И быстро ушёл, а дородная его супруга, лениво улыбаясь, пригласила гостя:
- Садитесь, пожалуйста!
Села против него, сложив руки под грудями, отчего груди вызывающе приподнялись, и, неотрывно разглядывая его лицо, улыбалась всё той же улыбкой, словно наклеенной на лицо её.
- Что это вы мало ходите куда? - спрашивал он, отводя глаза от неё.
- Да так, не охотница я.
- Отчего же?
- Одеваться надо, а не люблю я, когда затянута вся. На свадьбы я хожу.
- Мало свадеб эту зиму!
- Мало, - согласилась она, не выражая сожаления.
- Это всё из-за голода!
- Неужто? - равнодушно спросила женщина.
Он стал объяснять, почему голод в деревнях мешает жениться городским, а сам, поглядывая на неё, думал:
"Экой идолобес! Даже глядеть на неё зазорно".
Вдруг, перебив его речь на полуслове, она нудно спросила:
- А вот вы не женитесь - разве от голода? У вас денег много ведь?
- Боюсь я, - сказал Кожемякин шутливо.
- Чего же бояться тут? - как будто немного удивилась она, и в глазах её что-то дрогнуло.
- Вас, женщин...
Женщина покачнулась вперёд, её зрачки заметно сузились, и она протянула в нос:
- Ну-о-о? Расскажите, как же это, - чего же вы боитесь?
Глаза её застыли в требовательном ожидании, взгляд их был тяжёл и вызывал определённое чувство. Кожемякин не находил более слов для беседы с нею и опасался её вопросов, ему захотелось сердито крикнуть:
"Дура!"
- Не идёт Алексей-то Иваныч, - сказал он, отдуваясь, и, встав, прошёлся по комнате, а она выпрямила стан и снова неподвижно уставилась глазами в стену перед собой.
"Тянет, как омут, - думал гость, незаметно поглядывая на неё. - Нет, сюда я не стану ходить!"
Он ушёл, не дождавшись Посулова, и дорогой, медленно шагая по тёмной улице, думал:
"Экие несуразные люди!
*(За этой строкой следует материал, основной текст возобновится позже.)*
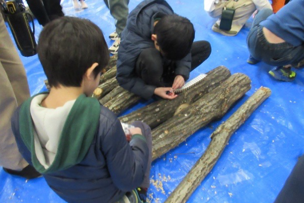 三富地域では300年以上も前から、木を植えて平地林をつくり、落ち葉を集め堆肥とし畑にまいて野菜をつくるとともに、薪・炭などの燃料としても利用してきました。しかし、最近の平地林は燃料としての需要がなくなり、高齢化する一方となっています。平地林の木は、伐って・使って、植えて、育てるという循環利用を図ることで健全に保たれます。そこで、平地林の木を伐ってつくったほだ木に、シイタケの菌を打ち込む植菌体験を通じて、三富地域の農業や平地林について考えてみませんか。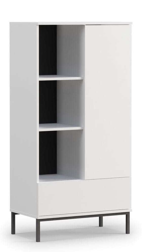 Regał R70 QUERTY QT-03 został osadzony na metalowym stelażu. To propozycja dla osób lubiących połączenie nowoczesnego stylu i prostej formy. Regał dostępny w trzech kolorach: biały, czarny i hikora.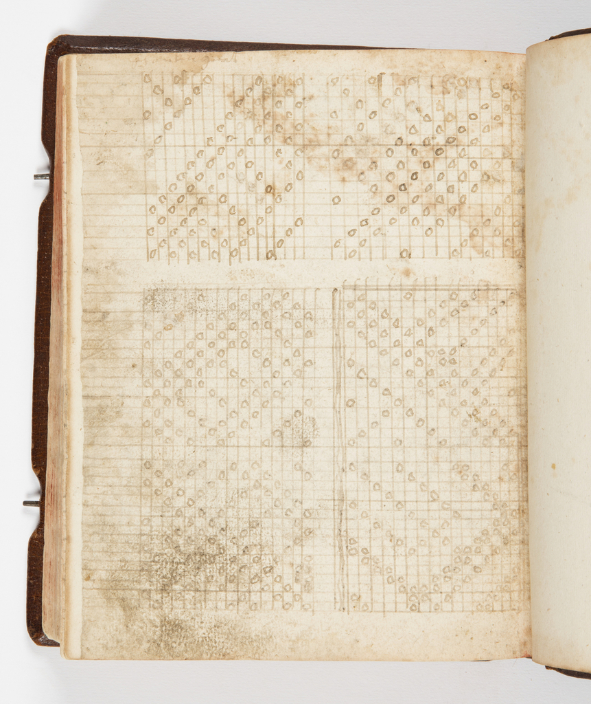 This is a Pattern book. It is dated 1760 and we acquired it in 1961. Its medium is leather, paper, metal. It is a part of the Textiles department.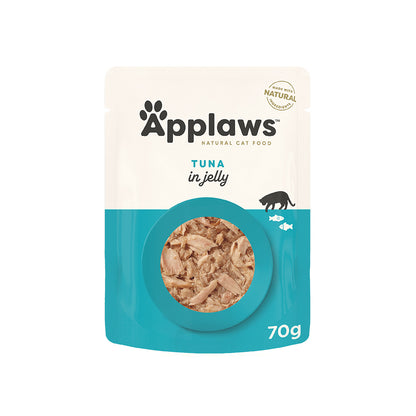 APPLAWS Tuna Wet Cat Food Jelly Pouch 70g is a delicious and super fun cat-food upgrade. Tuna in jello, your cat will never know what hit them! These mouthwatering morsels are also jam-packed with Omega 3 from Tuna for heart and eye health and Iron that boosts red blood cell production. So say no to the dry stuff and give your kitty something they'll always come back to!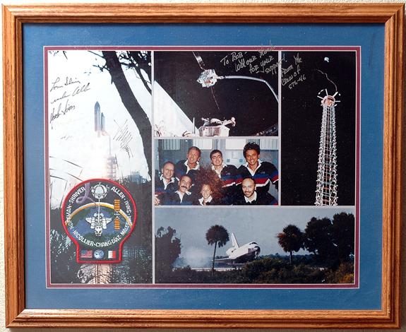 STS-46, 1992, Crew Patch (4.5x4") mounted on a framed multicolor montage (22x18") that is inscribed in silver marker: "To Bob - With our thanks for your support! From the crew of STS-46". It would appear that the montage is hand-signed by at least some of the crew members (Shriver, Ivins, Allen, etc), but a couple of the signatures have faded almost completely out. Attractive.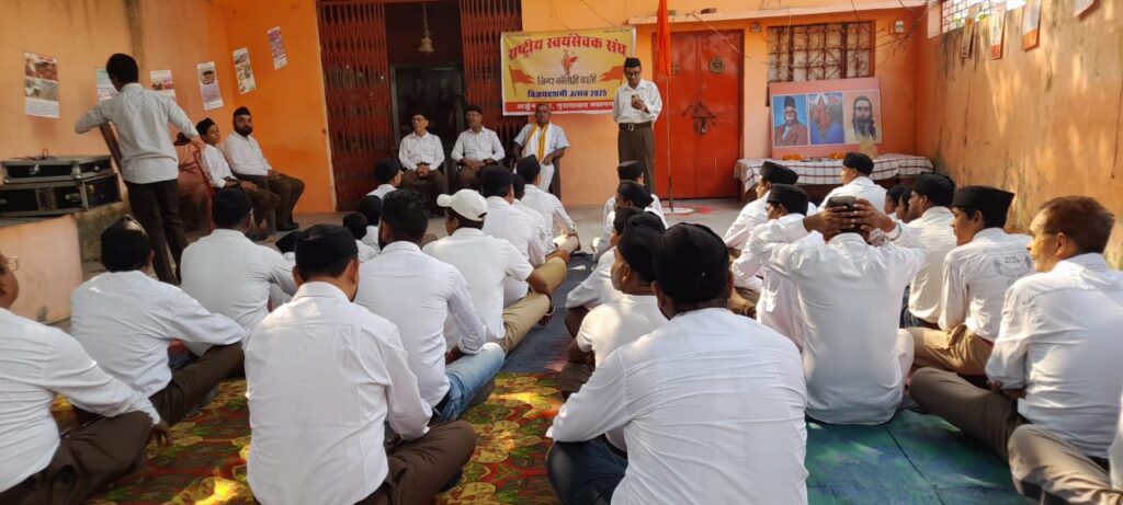आज पथसंचलन के कार्यक्रमों इस श्रृंखला में 1= पीतल नगरी की बलदेव पुरी बस्ती में प्रातः 8:30 बजे कार्यक्रम रहा जिसमें बृजमोहन जी विभाग प्रचारक मुख्य वक्ता रहे।

Даже страшно несколько с ними".
И вдруг он снова очутился лицом к лицу с одним из тех странных людей, с которыми уже не однажды жизнь упрямо сталкивала его.
Самым потерянным и негодным человеком в городе считался в то время младший Маклаков - Никон, мужчина уже за тридцать лет, размашистый, кудрявый, горбоносый, с высокими взлизами на висках и дерзким взглядом серых глаз. Кожемякин помнил обоих братьев с дней отрочества, когда они били его, но с того времени старший Маклаков - Семён - женился, осеялся детьми, жил тихо и скупо, стал лыс, тучен, и озорство его заплыло жиром, а Никон - остался холост, бездельничал, выучился играть на гитаре и гармонии и целые дни торчал в гостинице "Лиссабон", купленной Сухобаевым у наследников безумного старика Савельева. Там Никон подбивал всех и каждого перекинуться с ним картишками и, ловко обыгрывая неопытных или задорных людей, откровенно смеялся над ними, когда его ругали за нечистую игру.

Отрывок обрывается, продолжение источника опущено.